AIM OF THE EXERCISE ▸ Below is a listing to copy exactly; no image goes into the copy.
[[ SUPPLIED DATA, beginning ]]
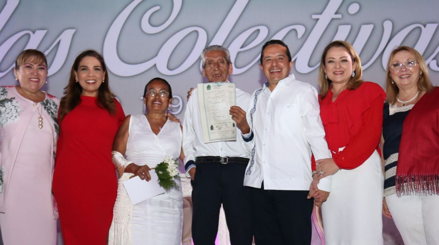 Acompañado por la presidenta del DIF estatal Gabriela Rejón de Joaquín y la presidenta municipal de Benito Juárez María Elena Lezama, el gobernador Carlos Joaquín felicitó a las parejas contrayentes señalando que, al formalizar su unión a través de un documento, tendrán certeza jurídica y los hijos puedan acceder a la educación y a tener un mejor futuro.
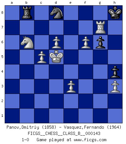 Last move : 1-0 2012 May 3 23:8:37 [Event "FICGS__CHESS__CLASS_B__000143"] [Site "FICGS"] [Date "2011.04.02"] [Round "1"] [White "Panov,Dmitriy"] [Black "Vasquez,Fernando"] [Result "1-0"] [WhiteElo "1858"] [BlackElo "1964"] 1.e4 e5 2.Nf3 Nf6 3.Nc3 Nc6 4.Bb5 Bc5 5.O-O O-O 6.d3 Nd4 7.Bc4 d6 8.h3 Be6 9.Nxd4 Bxd4 10.Bb3 c6 11.Qf3 a5 12.Ne2 Bb6 13.Qg3 Re8 14.Bh6 Nh5 15.Qg5 a4 16.Bxe6 Rxe6 17.Qxd8+ Rxd8 18.Be3 Bxe3 19.fxe3 Nf6 20.Rf2 d5 21.exd5 cxd5 22.Nc3 a3 23.bxa3 Ra8 24.Rb1 Rxa3 25.Rb3 Rxb3 26.axb3 Rc6 27.Nb5 Kf8 28.Kf1 Ke7 29.Ke1 Ra6 30.Kd2 h6 31.Kc3 Ra1 32.Kd2 Ra2 33.Rf1 Ra5 34.Nc3 Ke6 35.d4 e4 36.g4 g6 37.Ne2 Ra2 38.Nf4+ Ke7 39.Kc3 b6 40.Rc1 Ra8 41.Ne2 h5 42.g5 Ne8 43.Rf1 Ra2 44.Kd2 h4 45.Nc3 Ra5 46.b4 Ra6 47.Nxd5+ Kf8 48.b5 Ra7 49.Nxb6 Nd6 50.c4 Rb7 51.c5 Nxb5 52.Rb1 Na7 53.d5 Ke8 54.Rb4 Kf8 55.Rxe4 Kg7 56.d6 Rb8 57.Kd3 Nc6 58.Kc4 Nd8 59.Re8 f6 60.gxf6+ Kf7 61.Re7+ Kg8 62.Rg7+ Kh8 63.Kd5 1-0 Petrov Three knights game Kingside Castling by player White (move 5) Kingside Castling by player Black (move 5) Player White won this chess game. Follow this game move after move (download)He who takes the Queen's Knight's Pawn will sleep in the streets. (Anonymous) Ich habe Kasparov in Rente geschickt. (Veselin Topalov) Todo se encuentra en un estado de flujo y esto incluye al mundo del Ajedrez. (Mikhail Botvinnik) Psychologiquement, tu dois avoir confiance en toi même, mais cette confiance doit être basée sur des faits. (Robert Fischer) A person who never made a mistake never tried anything new. (Albert Einstein)
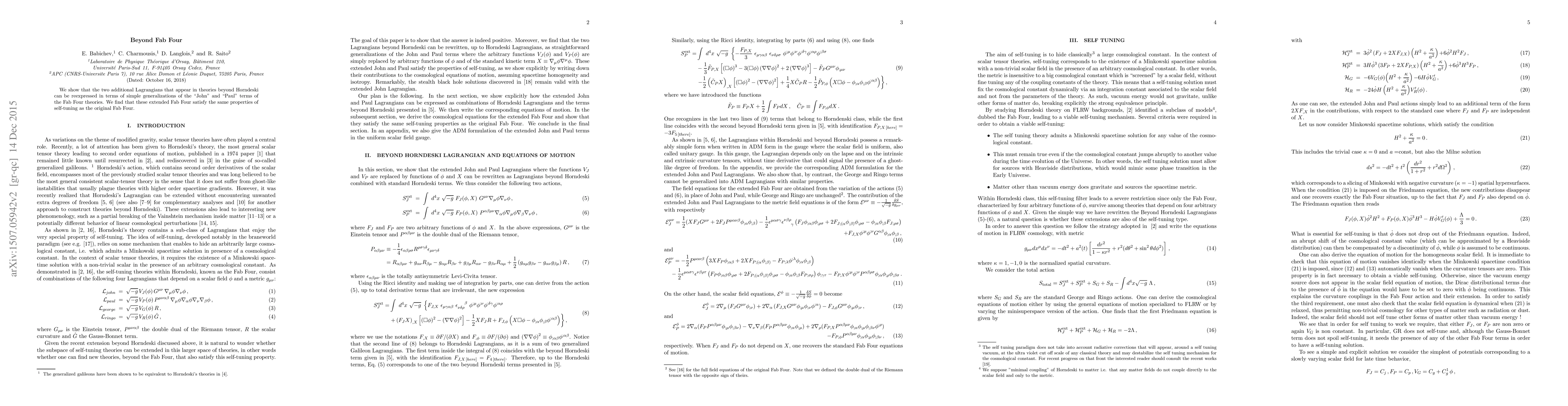 This paper demonstrates that additional Lagrangians in theories beyond Horndeski can be reformulated as generalized versions of the "John" and "Paul" terms from the Fab Four framework, maintaining the self-tuning properties of the original Fab Four.
[[ SUPPLIED DATA, end ]]
REPLY ▸
 Acompañado por la presidenta del DIF estatal Gabriela Rejón de Joaquín y la presidenta municipal de Benito Juárez María Elena Lezama, el gobernador Carlos Joaquín felicitó a las parejas contrayentes señalando que, al formalizar su unión a través de un documento, tendrán certeza jurídica y los hijos puedan acceder a la educación y a tener un mejor futuro.
 Last move : 1-0 2012 May 3 23:8:37 [Event "FICGS__CHESS__CLASS_B__000143"] [Site "FICGS"] [Date "2011.04.02"] [Round "1"] [White "Panov,Dmitriy"] [Black "Vasquez,Fernando"] [Result "1-0"] [WhiteElo "1858"] [BlackElo "1964"] 1.e4 e5 2.Nf3 Nf6 3.Nc3 Nc6 4.Bb5 Bc5 5.O-O O-O 6.d3 Nd4 7.Bc4 d6 8.h3 Be6 9.Nxd4 Bxd4 10.Bb3 c6 11.Qf3 a5 12.Ne2 Bb6 13.Qg3 Re8 14.Bh6 Nh5 15.Qg5 a4 16.Bxe6 Rxe6 17.Qxd8+ Rxd8 18.Be3 Bxe3 19.fxe3 Nf6 20.Rf2 d5 21.exd5 cxd5 22.Nc3 a3 23.bxa3 Ra8 24.Rb1 Rxa3 25.Rb3 Rxb3 26.axb3 Rc6 27.Nb5 Kf8 28.Kf1 Ke7 29.Ke1 Ra6 30.Kd2 h6 31.Kc3 Ra1 32.Kd2 Ra2 33.Rf1 Ra5 34.Nc3 Ke6 35.d4 e4 36.g4 g6 37.Ne2 Ra2 38.Nf4+ Ke7 39.Kc3 b6 40.Rc1 Ra8 41.Ne2 h5 42.g5 Ne8 43.Rf1 Ra2 44.Kd2 h4 45.Nc3 Ra5 46.b4 Ra6 47.Nxd5+ Kf8 48.b5 Ra7 49.Nxb6 Nd6 50.c4 Rb7 51.c5 Nxb5 52.Rb1 Na7 53.d5 Ke8 54.Rb4 Kf8 55.Rxe4 Kg7 56.d6 Rb8 57.Kd3 Nc6 58.Kc4 Nd8 59.Re8 f6 60.gxf6+ Kf7 61.Re7+ Kg8 62.Rg7+ Kh8 63.Kd5 1-0 Petrov Three knights game Kingside Castling by player White (move 5) Kingside Castling by player Black (move 5) Player White won this chess game. Follow this game move after move (download)He who takes the Queen's Knight's Pawn will sleep in the streets. (Anonymous) Ich habe Kasparov in Rente geschickt. (Veselin Topalov) Todo se encuentra en un estado de flujo y esto incluye al mundo del Ajedrez. (Mikhail Botvinnik) Psychologiquement, tu dois avoir confiance en toi même, mais cette confiance doit être basée sur des faits. (Robert Fischer) A person who never made a mistake never tried anything new. (Albert Einstein)
 This paper demonstrates that additional Lagrangians in theories beyond Horndeski can be reformulated as generalized versions of the "John" and "Paul" terms from the Fab Four framework, maintaining the self-tuning properties of the original Fab Four.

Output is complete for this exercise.